Additional information

A Definitions object is like a project manifest for Dagster - it bundles together all the assets, jobs, schedules, and other components that make up a single Dagster project. It's like a menu that tells Dagster exactly what's available to run in this specific project. Each separate project (called a code location) needs its own Definitions object, and you can't have multiple Definitions objects in the same location. This setup lets you keep different Dagster projects completely separate from each other, without needing to set up multiple Dagster deployments.

Why do we need this?

Two main reasons:

Project Isolation: Let's say you have two different data projects:

# analytics/definitions.py
defs = Definitions(
    assets=[revenue_dashboard, customer_metrics]
)

# marketing/definitions.py
defs = Definitions(
    assets=[email_campaigns, social_media_stats]
)

Each project has its own Definitions, so they don't interfere with each other.

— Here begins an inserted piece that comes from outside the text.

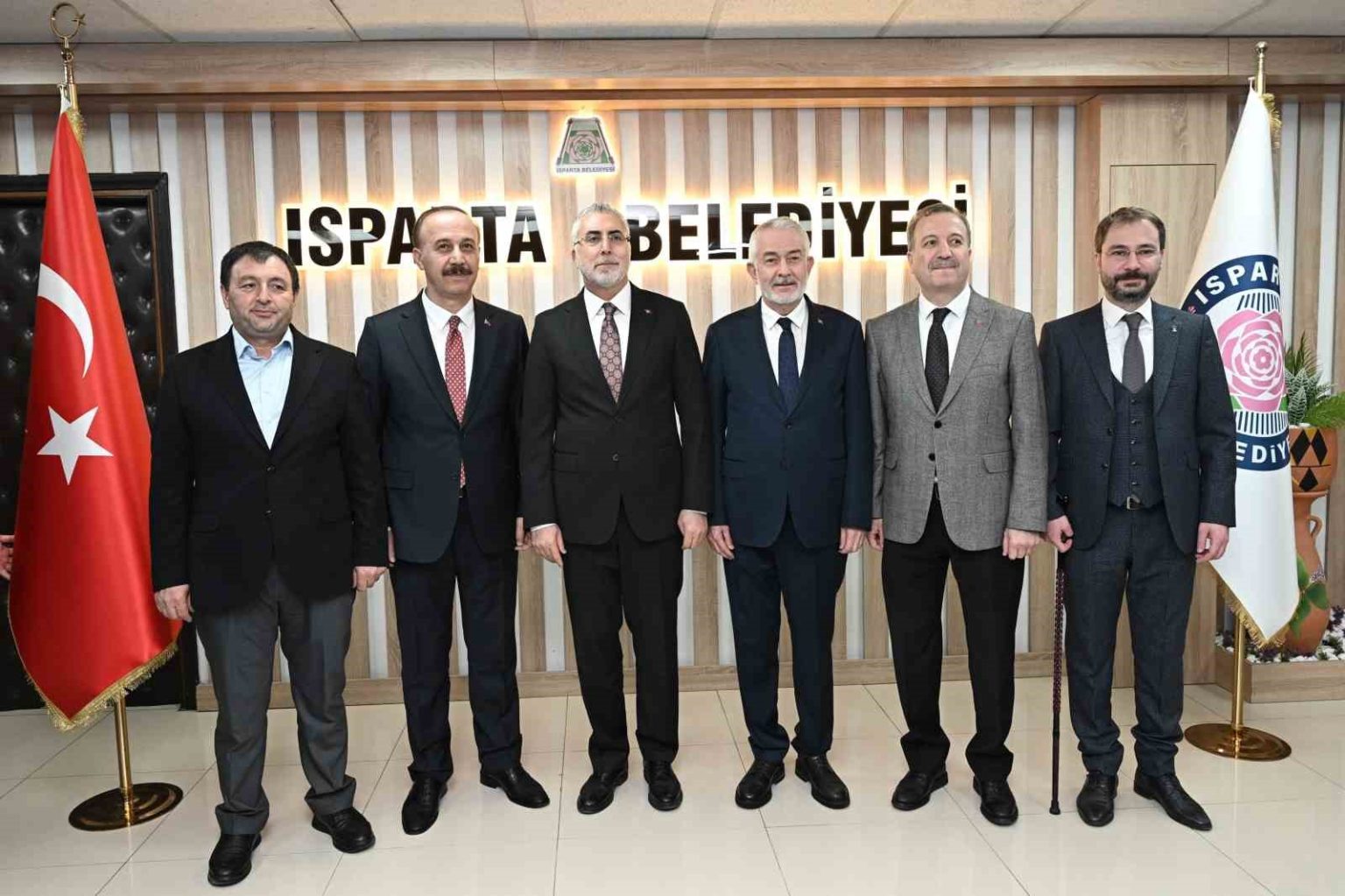 Çalışma ve Sosyal Güvenlik Bakanı Vedat Işıkhan, Isparta ’Belediye Başkanı Şükrü Başdeğirmen’i ziyaret etti. Başkan Başdeğirmen, İş Gücü Uyum Programı kapsamında ilk alımda 2 kat istihdam talep ederken, Bakan Işıkhan, “Başkanımızı kırmayalım talep ettiği istihdamın 2 katı hayırlı olsun diyelim” dedi.
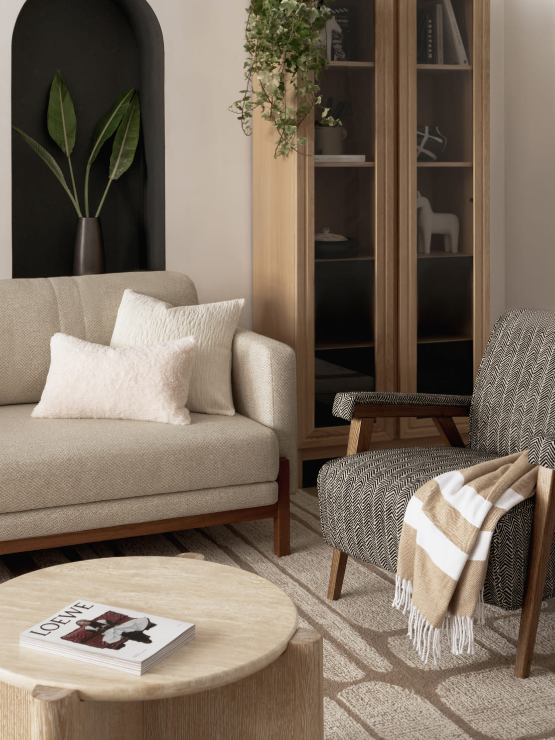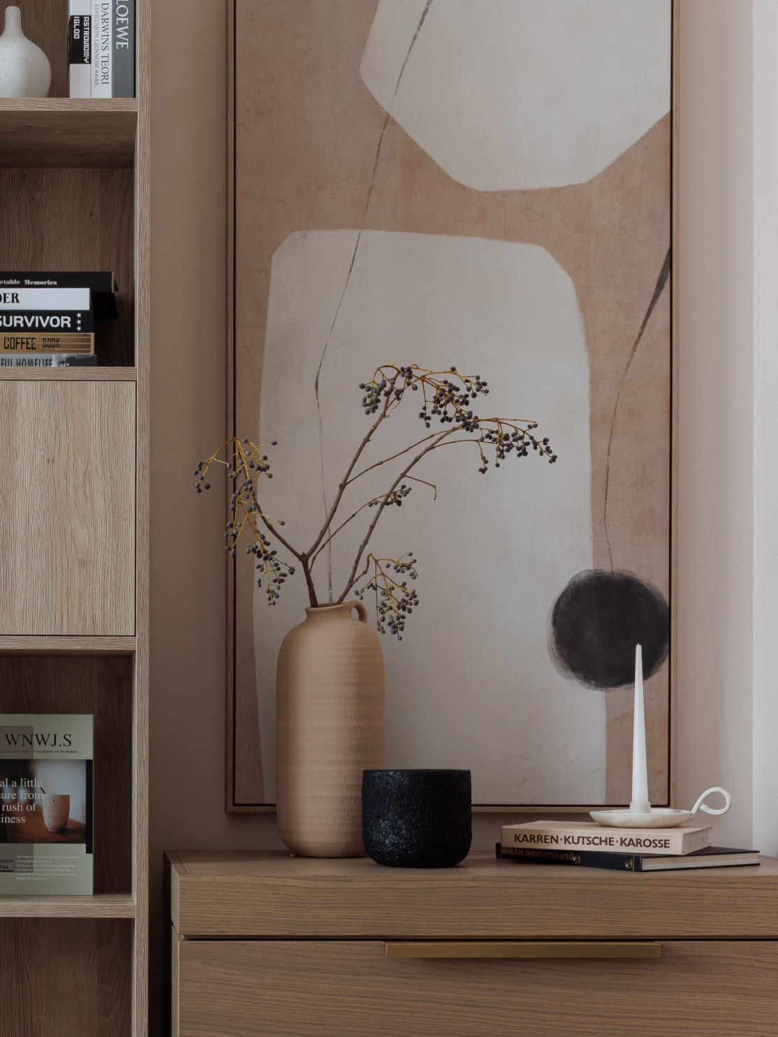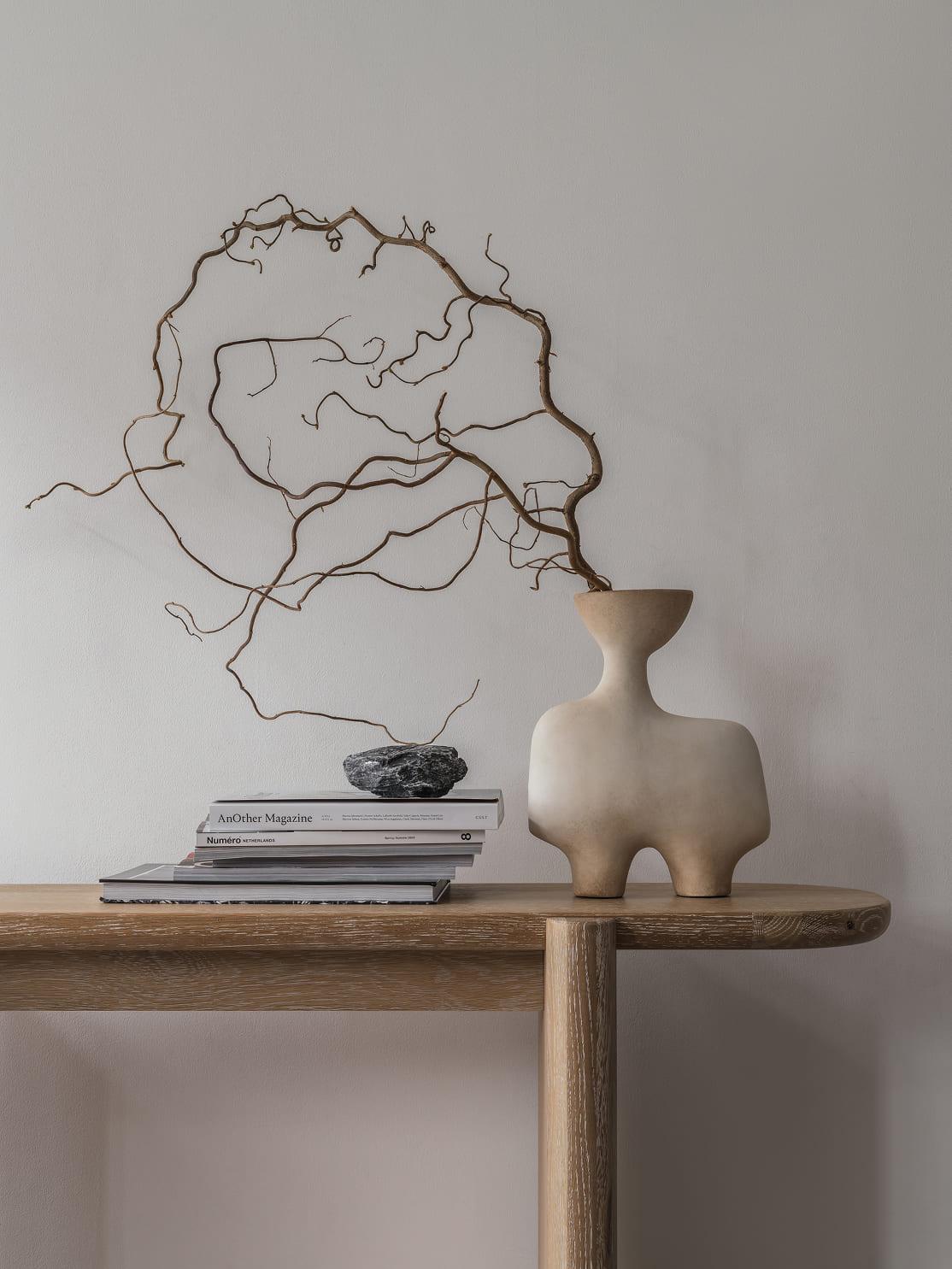 Ваза скульптурной формы и из тактильного материала, например, керамики — самодостаточный арт-объект. Поставьте в неё один стебель или сухоцвет — и получится изящная минималистичная композиция. А с сезонными композициями — от хвойных веток до осенних ягод — она станет инструментом для творчества и смены настроения в доме.

Discovery: When Dagster starts up, it looks for these Definitions objects to know what assets, jobs, and resources are available to run.

Message from the maintainers

Impacted by this issue? Give it a 👍! We factor engagement into prioritization.

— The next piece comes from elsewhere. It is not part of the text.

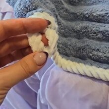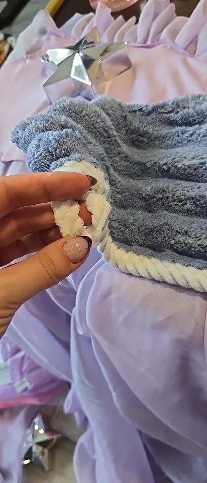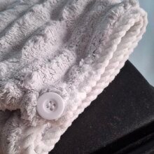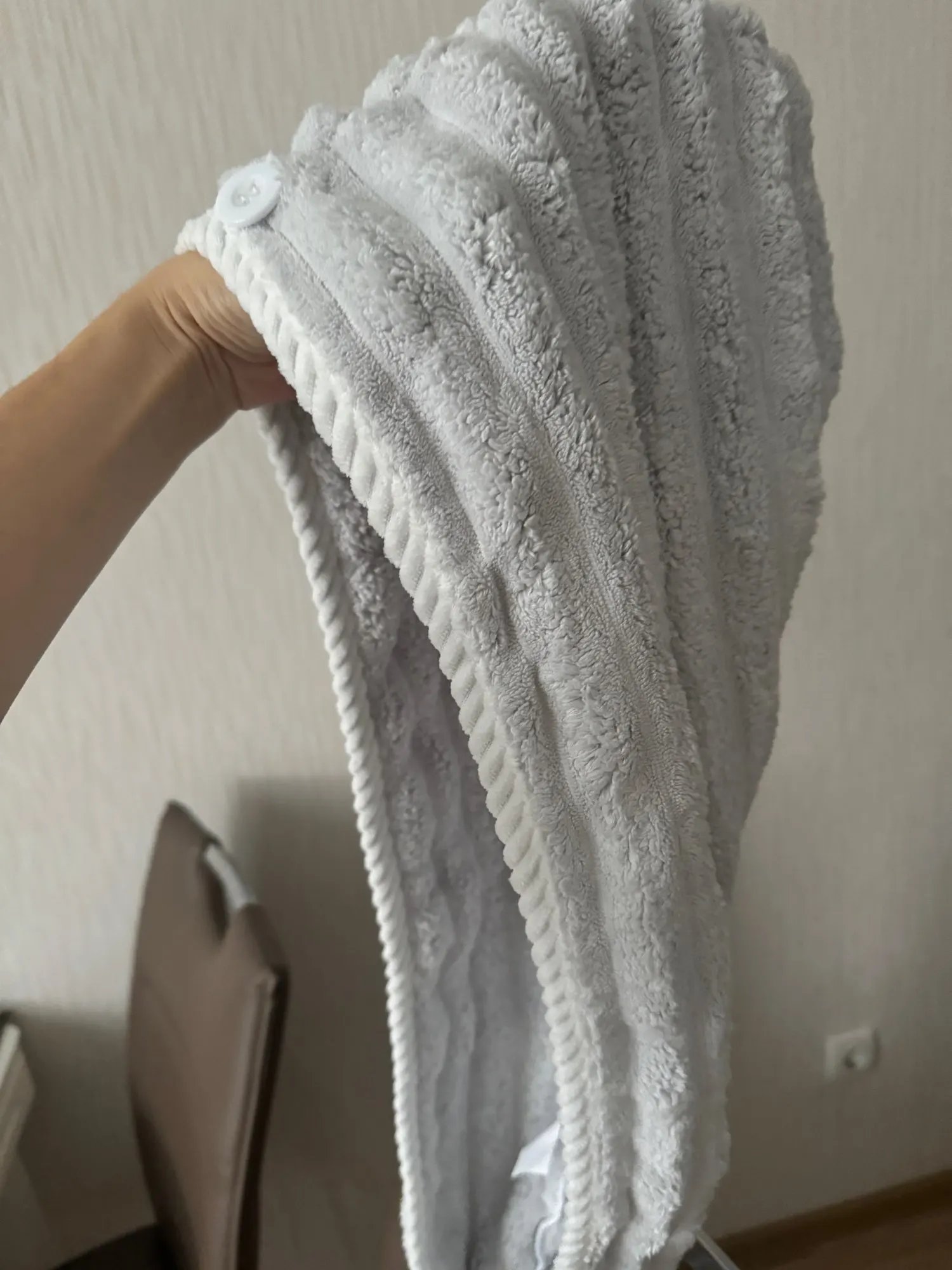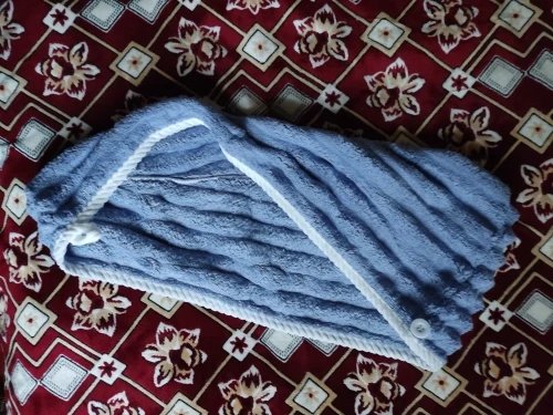Дійсно нормально поглинає вологу, перед першим використанням випрала його, щоб точно добре поглинав, бо на дотик був не дуже приємним, синтетичним. Але як виявилось зі своєю задачею справляється добре і доволі обʼємний, отже має бути зручним для густого і довгого волосся. З мінусів можна відмітити петельку, вона з тканини, а не з резинки, тому трохи важко застібувати її на ґудзик)

cobrienbeam · 2024-11-04T00:37:34Z

Additionally, maybe there could be a link out to a page that discusses the use of projects vs deployments. I like how in the next and react documentation that it links out to different sections to discuss potential tradeoffs of one selection vs another.

In this discussion of when to use additional projects vs additional deployments:

Security/Compliance Requirements:

Company Infrastructure
|── Production Deployment (PCI Compliant)
│ └── Financial Projects
│ |── payment_processing
│ └── customer_billing
│
└── Standard Deployment
|── Marketing Projects
└── Analytics Projects

If some projects need stricter security or compliance requirements (like PCI for payment data), separating them into different deployments helps with compliance.

Resource Isolation:

Infrastructure
|── Heavy Computing Deployment (32 CPU, 128GB RAM)
│ └── ML Training Projects
│ |── model_training
│ └── batch_inference
│
└── Light Computing Deployment (4 CPU, 16GB RAM)
└── ETL Projects
|── daily_reports
└── data_ingestion

When projects have vastly different resource needs, separate deployments prevent resource contention.

Team/Organization Structure:

Company
|── Team A Deployment
│ └── Projects with specific permissions/access
│
└── Team B Deployment
└── Different security groups/access patterns

When teams need complete isolation or different access patterns.

Environment Criticality:

Business Critical Deployment
|── Revenue impacting jobs
└── Customer-facing data pipelines

Non-Critical Deployment
|── Internal analytics
└── Experimental projects

When downtime impact varies significantly between projects.

Scale/Performance:

When you have so many projects that the UI becomes slow
When job runs start queueing too much
When the deployment's database gets too large
The key question is: "Do these projects NEED to be separate?" rather than "CAN they be separate?".

Using a single deployment has the following benefits:

Easier maintenance
Centralized monitoring
Shared resources
Simpler infrastructure

And then provide more information on workspaces using the definitions.py files instead of init.py:

You need to explicitly tell Dagster where to find your definitions through the workspace.yaml file:

load_from:
  - python_file: marketing/definitions.py
    location_name: marketing_tools
  
  - python_file: finance/definitions.py
    location_name: finance_tools

cobrienbeam · 2024-11-04T01:17:16Z

I didn't quite understand the use of the unpacking operator notation in the definition example:

The asterisk * in Python is the "unpacking operator".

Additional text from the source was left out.